Online uncovering, also called doxing, is the practice of revealing private information about an individual or organization gathered from online sources. Methods include searching public databases, social media and email accounts, and hacking. When done by private individuals it is a form vigilantism. It can also be used by law enforcement departments. For example, it helped the Hong Kong Police Force to investigate the background information of suspects. Driven by the prevalence of the internet and online forums such as the Golden Forum, online uncovering has become a social phenomenon in Hong Kong. It is used to shame, harass, and tarnish of reputation of the victims.

Details
Online uncovering is a kind of cyber bullying. With online uncovering, the personal information, like the occupation, family members, home address, and telephone numbers, of the victims will be disclosed without any permission, which causes a great nuisance to them. People may spread out one's information to humiliate one, make one ashamed and infringe on one's privacy. Also, people tend to share videos of people's misconduct in public to the Internet, stirring up discussions and debates, also online uncovering of the people in the videos.

Examples

Method Used
There are various uncovering methods. Most cases are attributed to the victims’ mismanagement of personal information online.

Search Engine
Hackers will utilize engines such as Google to uncover the personal information through blogs, social networking websites or forums.

Software cracker
Hackers will uncover the IP address of the targeted person through interception software. They can also uncover personal information by discovering the Internet Services Provider of the IP address. Installing spyware and virus to the computer could misappropriate personal information either easily.

Social Engineering
Social Engineering means hackers tempt the target to disclose personal information via multiple approaches. They may also collect and gather information from the cyber friends of the target. Such actions may likely breach the law.

Forum
Some HK online forums such as Golden Forum have set the (Betray Friends page) to encourage netizens to post the photos of their fellows.
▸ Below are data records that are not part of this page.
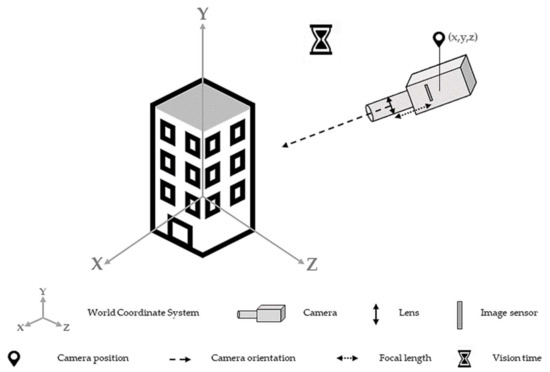 This section proposes a brief review of the camera settings within 3D viewers. First, a virtual camera behaves as a real camera since it “converts electromagnetic radiation from an object into an image of that object and projects that image onto a surface” [29]. Within the framework of this research, the objects are in three dimensions and the projection surface is plane. Then, the virtual camera settings (A) can be formalized according to four components: a camera position (A1), a camera orientation (A2), a focal length (A3), and a vision time (A4). Mathematically [20]: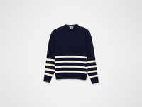 Buttoned sleeve breton crew neck jumper in navy engineered breton stripe with rib trims and horn button openings. Details - Colour: Navy - Composition [Main]: 100% Wool - Made in: Italy - Model [Wears]: Size S, 189cm Tall - SKU: KW1425YN0456888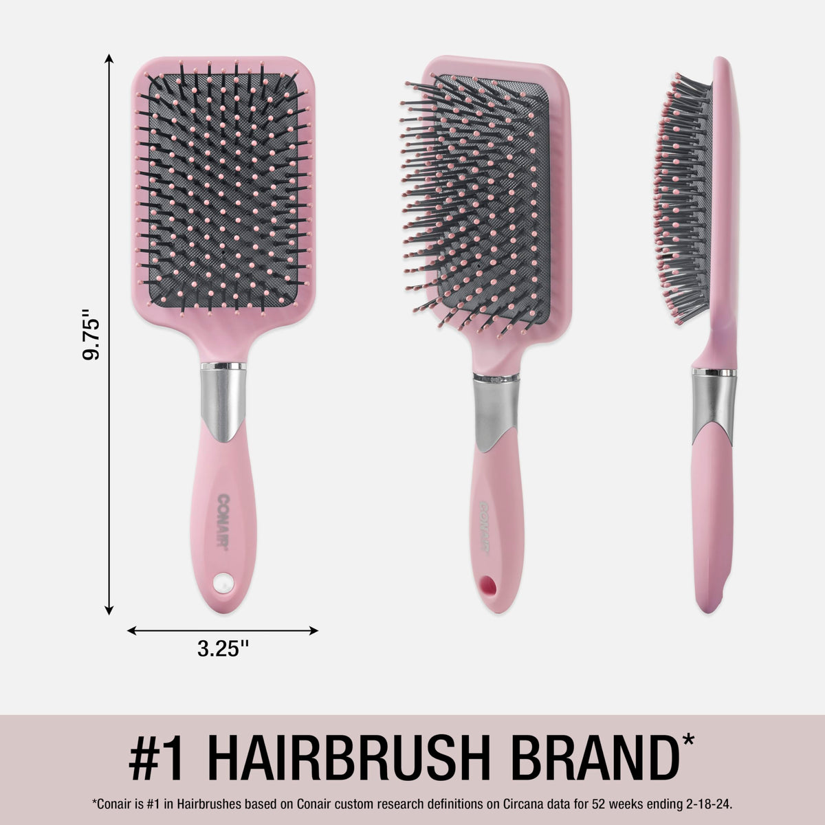 Conair Velvet Touch Paddle Cushion hair brush - Detangling hairbrush - curly or straight styles - men or women - detangler - features soft touch handle - Blush Pink

But information disclosure is forbidden.

Impacts on Victims

Positive side
Most of the victims in online uncovering were doing something inappropriate, from maltreating animals to impolite actions. Through online uncovering, victims’ inappropriate actions would be pointed out. They would realize they were doing something wrong and make apologies or follow up actions. Just take the case of maltreating cat last year as an example. A student from City University maltreated his cat in hall and a picture was taken and posted on social networks. After the online uncovering, he made apology and promised maltreatments would not happen again.

Negative side
After online uncovering, victims’ personal information would be found out and circulated on the internet; such as, telephone number, address and photos. They would be annoyed by nonstop phone calls or even recognized by others on the street and criticized them. These all made them face a high pressure and some even suffer from mental illness, the case of material girl $500 was one of the examples.